DNA damage is a constant problem that cells must deal with to maintain viability. Proper duplication and segregation of undamaged genetic material to daughter cells is essential for survival. DNA damage may come from endogenous sources including reactive oxygen species produced by cellular metabolism, spontaneous depurination of DNA and replication fork collapse at various replication fork barriers, or from exogenous sources including ionizing and ultraviolet radiation. Failure to alter DNA metabolism to properly respond to damaged DNA can lead to genetic instability, resulting in cell death and, in multicellular organisms, oncogenesis [1].
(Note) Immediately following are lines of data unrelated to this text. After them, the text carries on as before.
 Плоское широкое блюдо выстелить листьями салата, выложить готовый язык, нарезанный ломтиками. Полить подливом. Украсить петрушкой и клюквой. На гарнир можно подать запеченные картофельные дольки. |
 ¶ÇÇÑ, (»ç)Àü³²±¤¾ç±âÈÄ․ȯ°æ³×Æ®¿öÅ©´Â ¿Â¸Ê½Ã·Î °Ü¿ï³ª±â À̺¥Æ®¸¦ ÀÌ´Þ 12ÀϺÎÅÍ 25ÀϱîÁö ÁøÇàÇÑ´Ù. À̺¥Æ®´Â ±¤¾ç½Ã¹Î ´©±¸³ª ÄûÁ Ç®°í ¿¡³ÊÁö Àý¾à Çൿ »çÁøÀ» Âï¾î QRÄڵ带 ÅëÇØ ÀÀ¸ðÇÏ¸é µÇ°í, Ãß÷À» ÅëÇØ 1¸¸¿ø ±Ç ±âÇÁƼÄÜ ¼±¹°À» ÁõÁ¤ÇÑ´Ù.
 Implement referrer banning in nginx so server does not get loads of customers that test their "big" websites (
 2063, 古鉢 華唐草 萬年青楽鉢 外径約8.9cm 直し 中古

To ensure each daughter cell receives a full complement of undamaged DNA, cells have evolved checkpoints. These checkpoints are surveillance mechanisms employed by the cell to detect and respond to DNA damage. They halt the cell cycle, allowing time to repair DNA damage before the crucial processes of DNA replication and chromosomal segregation [1, 2]. Checkpoint deficiency leads to genomic instability as a result of failure to properly replicate, repair, or segregate damaged DNA.
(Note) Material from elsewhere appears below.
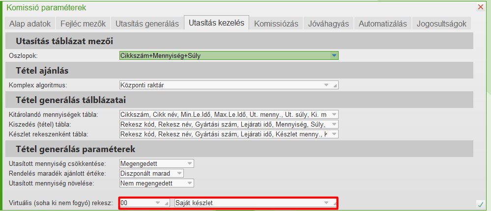 A szolgáltatás cikkek esetén a komissióparaméterezésben beállítható hiánykezelés (Komissió paraméterek/Automatizálás fül) nem lesz alkalmazva.
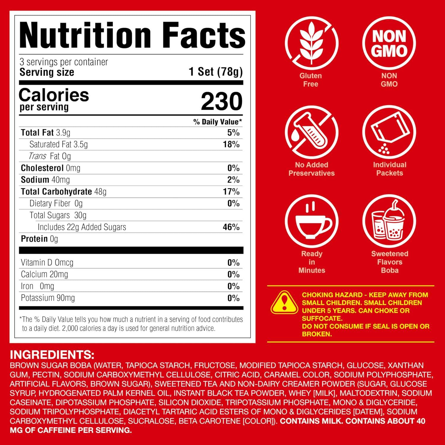 - READY IN UNDER 1 MINUTE - Our boba is made from preservative free instant tapioca pearls coated in brown sugar syrup. Microwave the boba packet, add hot water to milk tea powder in a cup, and add ice, heated boba, and straw. Yay it's done!

Several checkpoints regulate the cell cycle. The G1/S and G2/M DNA damage checkpoints prevent cell-cycle progression into S-phase and M-phase, respectively. Additionally, the S-M checkpoint, also known as the replication checkpoint, prevents mitosis in the presence of arrested replication forks. The cell cycle targets of the G1/S, G2/M, and S-M checkpoints have been characterized [3]. In each case, they represent a global cellular response, in which checkpoint kinases regulate cell-cycle events that are distant from the initiating lesion. This model of checkpoint-as-global-regulator has been very useful for understanding checkpoint function, but may not completely fit the S-phase DNA damage checkpoint, also known as the intra-S checkpoint, which slows replication in the presence of DNA damage.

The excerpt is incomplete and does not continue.